The computer system may include clients and servers. A client and server are generally remote from each other and typically interact through a communication network. The relationship of client and server arises by virtue of computer programs running on the respective computers and having a client-server relationship to each other. The Server may be a cloud Server, which is also called a cloud computing Server or a cloud host, and is a host product in a cloud computing service system, so as to solve the defects of high management difficulty and weak service expansibility in the conventional physical host and Virtual Private Server (VPS) service.
Artificial intelligence is the subject of studying computers to simulate some human mental processes and intelligent behaviors (such as learning, reasoning, thinking, planning, etc.), both at the hardware level and at the software level. Artificial intelligence hardware technologies generally include technologies such as sensors, dedicated artificial intelligence chips, cloud computing, distributed storage, big data processing, and the like; the artificial intelligence software technology mainly comprises a computer vision technology, a voice recognition technology, a natural voice processing technology, machine learning/deep learning, a big data processing technology, a knowledge map technology and the like.
It should be understood that various forms of the flows shown above may be used, with steps reordered, added, or deleted. For example, the steps described in the present application may be executed in parallel, sequentially, or in different orders, and the present invention is not limited thereto as long as the desired results of the technical solutions disclosed in the present application can be achieved.

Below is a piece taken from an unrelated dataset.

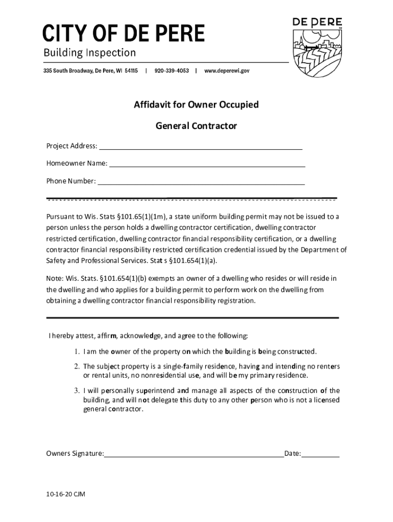 Affidavit for Owner Occupied General Contractor Project Address: ___ Homeowner Name: ___ Phone Number: ___Pursuant to Wis. Stats 101.65(1)(1 m), a state uniform building permit may not be issued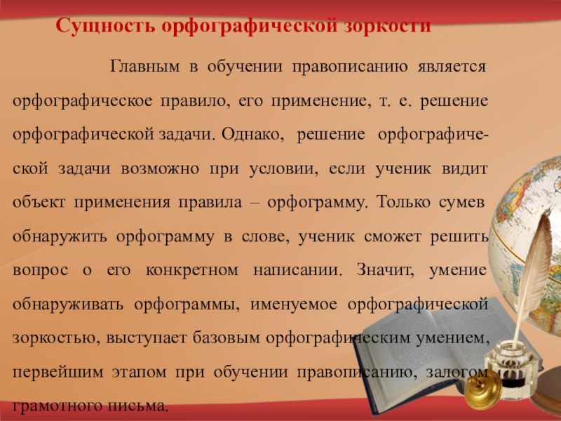 Главным в обучении правописанию является орфографическое правило, его применение, т. е. решение орфографической задачи. Однако, решение орфографиче-ской задачи возможно при условии, если ученик видит объект применения правила – орфограмму. Только сумев обнаружить орфограмму в слове, ученик сможет решить вопрос о его конкретном написании. Значит, умение обнаруживать орфограммы, именуемое орфографической зоркостью, выступает базовым орфографическим умением, первейшим этапом при обучении правописанию, залогом грамотного письма.

The above-described embodiments should not be construed as limiting the scope of the present application. It should be understood by those skilled in the art that various modifications, combinations, sub-combinations and substitutions may be made in accordance with design requirements and other factors. Any modification, equivalent replacement, and improvement made within the spirit and principle of the present application shall be included in the protection scope of the present application.

Claims (20)

1. A method of training an information fusion model, comprising:
acquiring keywords of a title of an input video;
acquiring focused attention information according to images and/or audio of each frame of an input video;
determining information to be fused based on the collection attention information and the keywords of the title;
and taking the information to be fused as the input of an information fusion model, taking the alternative material information which is acquired from an input video and comprises characters, events and start-stop time as the expected output of the information fusion model corresponding to the information to be fused, and training an initial model of the information fusion model to obtain the trained information fusion model.
2. The method of claim 1, wherein the obtaining of highlight attention information from images and/or audio of frames of the input video comprises at least one of:
acquiring the attention object and the start-stop time of the attention object, and the attention event and the start-stop time of the attention event according to the images of the frames;
and acquiring the attention event and the start-stop time of the attention event, and the start-stop time of the hotspot according to the audio of each frame.
3. The method of claim 2, wherein the acquiring of the object of interest and the start-stop time of the object of interest from the images of the frames comprises:
inputting the image of each frame into a preset face detection model to obtain a face frame output by the face detection model and start-stop time of the face frame;
inputting the image of each frame into a preset human body detection model to obtain a human body detection frame output by the human body detection model and start-stop time of the human body detection frame;
and determining the start-stop time of the attention object and the start-stop time of the attention object based on the start-stop time of the face frame and the start-stop time of the human body detection frame and the human body detection frame.
4. The method of claim 2, the obtaining of the event of interest and the start-stop time of the event of interest from the images of the frames comprising at least one of:
inputting the image of each frame into a preset subtitle detection model to obtain subtitle information output by the subtitle detection model, and filtering and extracting key information of the subtitle information to obtain an attention event and the starting and ending time of the attention event;
inputting each frame image into a preset action detection model to obtain an attention event output by the action detection model and the starting and ending time of the attention event.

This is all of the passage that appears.